Le CHRC condamne les attaques militaires thaïlandaises, les qualifiant de « grave menace pour la paix et de violations flagrantes des droits de l'homme »
AKP Phnom Penh, le 08 décembre 2025 --
Le Comité cambodgien des droits de l'homme (CHRC) a exprimé sa profonde préoccupation et a fermement condamné les attaques brutales, illégales et inhumaines perpétrées par les forces armées thaïlandaises contre l'intégrité territoriale du Cambodge et les civils cambodgiens le long de la frontière khméro-thaïlandaise les 7 et 8 décembre.
D’après les principaux médias internationaux, dont CNN, BBC, Al Jazeera, Reuters et The Guardian, les forces thaïlandaises ont lancé de multiples assauts contre les troupes cambodgiennes et les zones civiles avoisinantes.

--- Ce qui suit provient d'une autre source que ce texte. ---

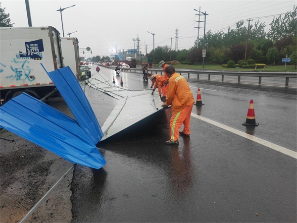 在搶險(xiǎn)任務(wù)中,公司橙色突擊隊(duì)?wèi)?yīng)急搶修人員火速行動(dòng),沖鋒在前,他們無懼風(fēng)雨逆風(fēng)而行,奮戰(zhàn)在搶險(xiǎn)保暢第一線。截止28日上午12時(shí),公司共出動(dòng)橙色突擊隊(duì)員200人次,應(yīng)急搶險(xiǎn)人員187人次,應(yīng)急車輛113臺(tái)次,及時(shí)處置路面積水15處,清理倒伏樹木130余棵,清理路面障礙物40余處,修補(bǔ)坑塘120余平方,有效確保了管養(yǎng)道路的安全暢通。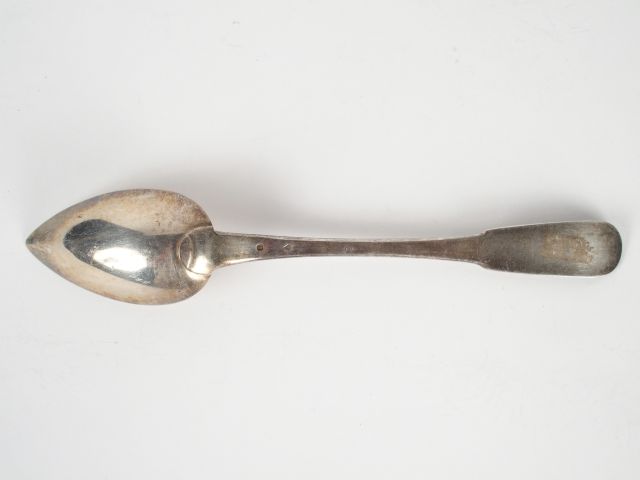 Cuillère à ragoût en argent, poinçon Minerve (à vérifier). MO : NI. Longeur : 27,5 cm. Poids : 120 g

Ces frappes, qui auraient impliqué l'utilisation d'armes lourdes, d'avions de chasse F-16 et d'agents chimiques, ont fait de nombreux morts et blessés parmi les civils cambodgiens.
Le CHRC a déclaré que ces attaques constituaient de graves violations de la Charte de l’ONU, de la Charte de l'ASEAN, du droit international humanitaire et des droits de l'homme, ainsi que des accords bilatéraux de cessez-le-feu et de la Déclaration conjointe Cambodge-Thaïlande sur l'accord de paix, récemment signée à Kuala Lumpur, en présence du président américain, Donald J. Trump, et du Premier ministre malaisien, Anwar Ibrahim. Le Comité a affirmé que les actions des forces thaïlandaises compromettaient la paix régionale et contrevenaient aux valeurs fondamentales d'unité et d'esprit communautaire de l'ASEAN.
Le CHRC a exhorté la communauté internationale et régionale à condamner les actions de la Thaïlande et à faire pression sur ce pays afin qu'il mette immédiatement fin à son agression et assume l'entière responsabilité, en vertu du droit international, des dommages causés.
Le Comité a réaffirmé que, quelles que soient les situations de conflit, les droits de l'homme et le droit international humanitaire devaient être respectés, et que l'intégrité territoriale et la vie des citoyens cambodgiens doivent être protégées.
Il a ajouté que le Cambodge demeurait déterminé à respecter le cessez-le-feu, à mettre en œuvre tous les accords de paix conclus avec la Thaïlande et à rechercher des solutions pacifiques et légales à tous les différends. Le Cambodge continue de rejeter toute forme de recours à la force ou d'intimidation.
Le CHRC a déclaré qu'il continuerait de surveiller, de documenter et de signaler toutes les violations des droits de l'homme découlant des actions des forces thaïlandaises et qu'il était solidaire des civils cambodgiens touchés par les attaques.